We have a PHMSA ANPR [linked below] that merits your attention and response before Friday, the 13th of February, to give us time to assemble comments on or before the deadline of March 4, 2026.
Federal Register – Deadline March 4, 2026
Synopsis of the Proposed Rulemaking
The linked document above is an Advance Notice of Proposed Rulemaking (ANPRM) issued by the Pipeline and Hazardous Materials Safety Administration (PHMSA) seeking stakeholder input on whether and how the Hazardous Materials Regulations (HMR; 49 CFR Parts 171–180) should be revised to accommodate the transportation of hazardous materials using highly automated transportation systems.
The ANPRM does not propose regulatory text. Instead, it initiates a comprehensive policy inquiry addressing the growing use of automated and semi-automated systems—including unmanned aircraft systems (UAS/drones), automated commercial motor vehicles, autonomous rail operations, and maritime autonomous surface ships—to move hazardous materials in commerce.

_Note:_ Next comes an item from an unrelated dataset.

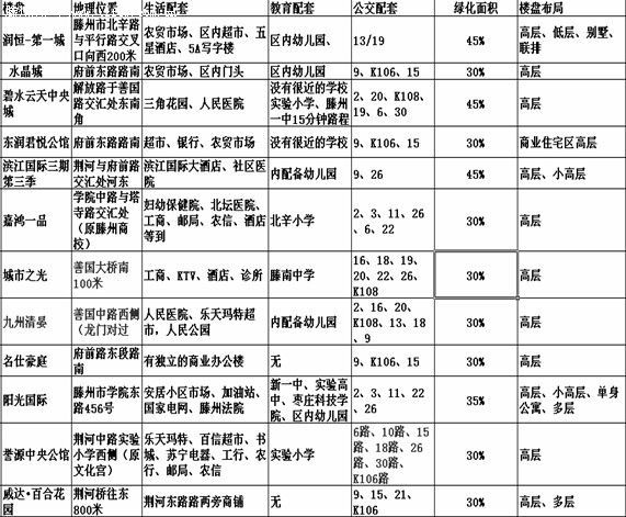 其實,滕滕認為,買房是一件很慎重的事情,價格固然重要,但是如果只參考價格未免太過草率,生活配套、教育配套、公交配套、綠化面積、樓盤整體布局,戶型這些問題都要有一個綜合的參考,然后再對比價格,量力而行就可以買到你稱心如意的住宅。下面的表格是滕滕統計出來的部分參考數據,大家不妨看一下,具體的還請查看滕滕看房日記。

PHMSA’s stated purpose is to determine whether existing HMR provisions—largely designed around human-operated transportation models—remain adequate, or whether revisions, guidance, definitions, or performance-based alternatives are needed to ensure equivalent or enhanced safety in automated environments.
The ANPRM identifies seven core regulatory areas potentially affected:
- Special permits
- Shipping papers and emergency response information
- Hazard communication (marking, labeling, placarding)
- Training
- Security plans and in-depth security training
- Packaging
- Loading and unloading
PHMSA also conducts a mode-by-mode analysis (rail, air, vessel, highway) and poses extensive technical, economic, and legal questions to inform a future Notice of Proposed Rulemaking (NPRM). Public comments are due March 4, 2026.
Implications for IHMM Credential Holders
CHMMs (Certified Hazardous Materials Managers)
For CHMMs, this ANPRM signals a paradigm shift in hazmat compliance management. Core compliance functions—shipping papers, hazard communication, employee training, incident reporting, and security planning—may transition from human-centric processes to system-centric, performance-based models.
CHMMs will be increasingly expected to:
- Interpret HMR applicability where no driver, pilot, or crew is present
- Oversee electronic shipping paper systems and automated emergency notification protocols
- Integrate automation risk assessments into compliance programs
- Manage cross-agency requirements involving PHMSA, FAA, FMCSA, FRA, TSA, and USCG
This rulemaking elevates the CHMM role from traditional compliance oversight to governance of automated safety systems.
CHMPs (Certified Hazardous Materials Practitioners)
CHMPs will be directly affected at the operational and implementation level. The ANPRM foreshadows changes to:
- Packaging performance standards for drone and automated vehicle transport
- Inspection, acceptance, and rejection processes conducted remotely or autonomously
- Modified training models where “hazmat employees” may be system monitors rather than handlers
- New security and cybersecurity considerations tied to automated platforms
Practitioners will need to translate evolving regulatory intent into standard operating procedures that remain defensible under enforcement scrutiny.
CDGPs (Certified Dangerous Goods Professionals)
For CDGPs operating in international or multimodal contexts, the ANPRM raises important harmonization and divergence risks. PHMSA explicitly solicits comment on alignment with:
- ICAO Technical Instructions
- IMDG Code
- UN Model Regulations
- Emerging IMO MASS frameworks
CDGPs will need to navigate potential mismatches between U.S. HMR automation rules and international dangerous goods regimes, particularly for air and maritime transport involving unmanned or highly automated systems.
Bottom Line for IHMM
This ANPRM represents an early but consequential step toward rewriting the regulatory assumptions underlying hazardous materials transportation. If finalized, future rules will materially expand the professional scope, technical expectations, and legal exposure of CHMMs, CHMPs, and CDGPs.
IHMM and its certificants are well-positioned—and arguably essential—to inform PHMSA’s approach, particularly on:
- Training equivalency
- Performance-based compliance models
- Small-entity impacts
- Practical enforceability in automated operations
Strategic engagement at the ANPRM stage can shape the regulatory framework that will define hazardous materials management for the next decade.